As I’ve talkedabout nowextensively, I think enacting RSPs in policy now makes it easier not harder to get even better future regulations enacted. It seems that your main reason for disagreement is that you believe in extremely short timelines / fast takeoff, such that we will never get future opportunities to revise AI regulation. That seems pretty unlikely to me: my expectation especially is that as AI continues to heat up in terms of its economic impact, new policy windows will keep arising in rapid succession, and that we will see many of them before the end of days.
I’m sorry for that magnitude of misunderstanding, and will try to clarify it upfront in the post, but a large part of my argument is about why the principles of RSPs are not good enough, rather than the specific implementation (which is also not sufficient though, and which I argue in “Overselling, underdelivering” is one of the flaws of the framework and not just a problem that will pass).
You can check Section 3 for why I think that the principles are flawed, and Section 1 and 2 to get a better sense of what better principles look like.
Regarding the timeline, I think that it’s unreasonable to expect major framework changes over less than 5 years. And as I wrote, if you think otherwise, I’d love to hear any example of that happening in the past and the conditions under which it happened.
I do think that within the RSP framework, you can maybe get better but as I argue in Section 3, I think the framework is fundamentally flawed and should be replaced by a standard risk management framework, in which we include evals.
@evhub I think it’s great when you and other RSP supporters make it explicit that (a) you don’t think they’re sufficient and (b) you think they can lead to more meaningful regulation.
With that in mind, I think the onus is on you (and institutions like Anthropic and ARC) to say what kind of regulations they support & why. And then I think most of the value will come from “what actual regulations are people proposing” and not “what is someone’s stance on this RSP thing which we all agree is insufficient.”
Except for the fact that there are ways to talk about RSPs that are misleading for policymakers and reduce the chance of meaningful regulations. See the end of my comment and see also Simeon’s sections on misleading and how to move forward.
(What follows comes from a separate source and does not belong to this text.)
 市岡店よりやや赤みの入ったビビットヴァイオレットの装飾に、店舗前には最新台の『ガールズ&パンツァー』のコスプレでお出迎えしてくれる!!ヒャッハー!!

Also, fwiw, I imagine that timelines/takeoff speeds might be relevant cruxes. And IDK if it’s the main disagreement that you have with Siméon, but I don’t think it’s the main disagreement you have with me.
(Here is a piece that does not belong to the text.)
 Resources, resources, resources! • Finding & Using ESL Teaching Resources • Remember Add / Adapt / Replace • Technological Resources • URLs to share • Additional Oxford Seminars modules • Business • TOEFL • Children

Even if I thought we would have 3 more meaningful policy windows, I would still think that RSPs have not offered a solid frame/foundation for meaningful regulation, I would still think that they are being communicated about poorly, and I would still want people to focus more on proposals for other regulations & focus less on RSPs.
What happens in your plan if it takes five years to solve the safety evaluation/deception problem for LLMs (i.e. it’s extremely hard)?
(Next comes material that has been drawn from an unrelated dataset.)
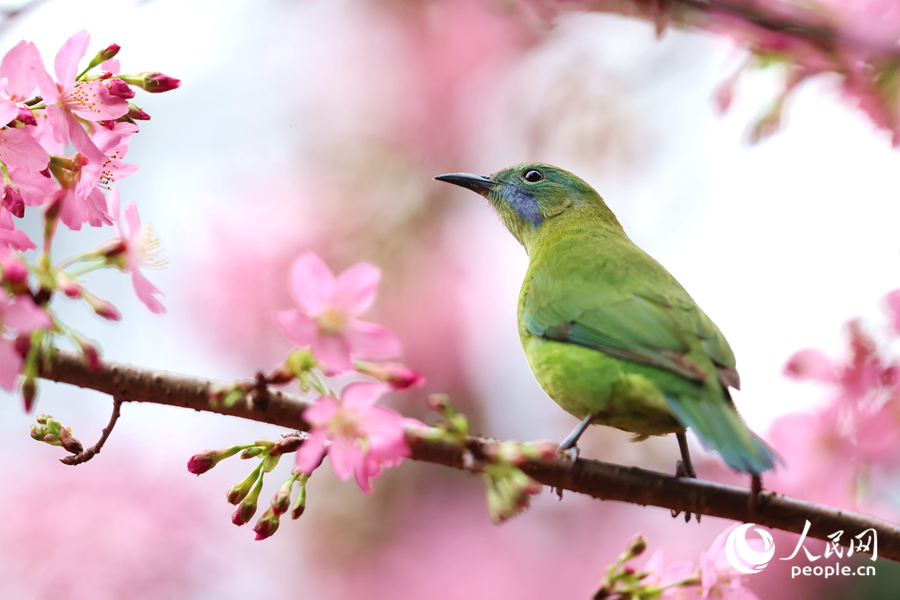 A green bird perches gracefully among the blossoms in a cherry tree in Xiamen, southeast China's Fujian Province. The bright green feathers of the bird contrast beautifully with the pink cherry blossoms. (People's Daily Online/Chen Bo)

Do you have an estimate of P({China; Russia; Iran; North Korea} steals an ASL-3 system with ASL-3 security measures)? Conditional on one of these countries having the system, what’s your guess of p(catastrophe)?
Do you mind pointing me to the section? I skimmed your post again, and the only relevant thing I saw was this part:
Seeing the existing RSP system in place at labs, governments step in and use it as a basis to enact hard regulation.
By the time it is necessary to codify exactly what safety metrics are required for scaling past models that pose a potential takeover risk, we have clearly solved the problem of understanding-based evals and know what it would take to demonstrate sufficient understanding of a model to rule out e.g. deceptive alignment.
Understanding-based evals are adopted by governmental RSP regimes as hard gating evaluations for models that pose a potential takeover risk.
Once labs start to reach models that pose a potential takeover risk, they either:
Solve mechanistic interpretability to a sufficient extent that they are able to pass an understanding-based eval and demonstrate that their models are safe.
Get blocked on scaling until mechanistic interpretability is solved, forcing a reroute of resources from scaling to interpretability.
My summary of this is something like “maybe voluntary RSPs will make it more likely for governments to force people to do evals. And not just the inadequate dangerous capabilities evals we have now– but also the better understanding-based evals that are not yet developed, but hopefully we will have solved some technical problems in time.”
I think this is better than no government regulation, but the main problem (if I’m understanding this correctly) is that it relies on evals that we do not have.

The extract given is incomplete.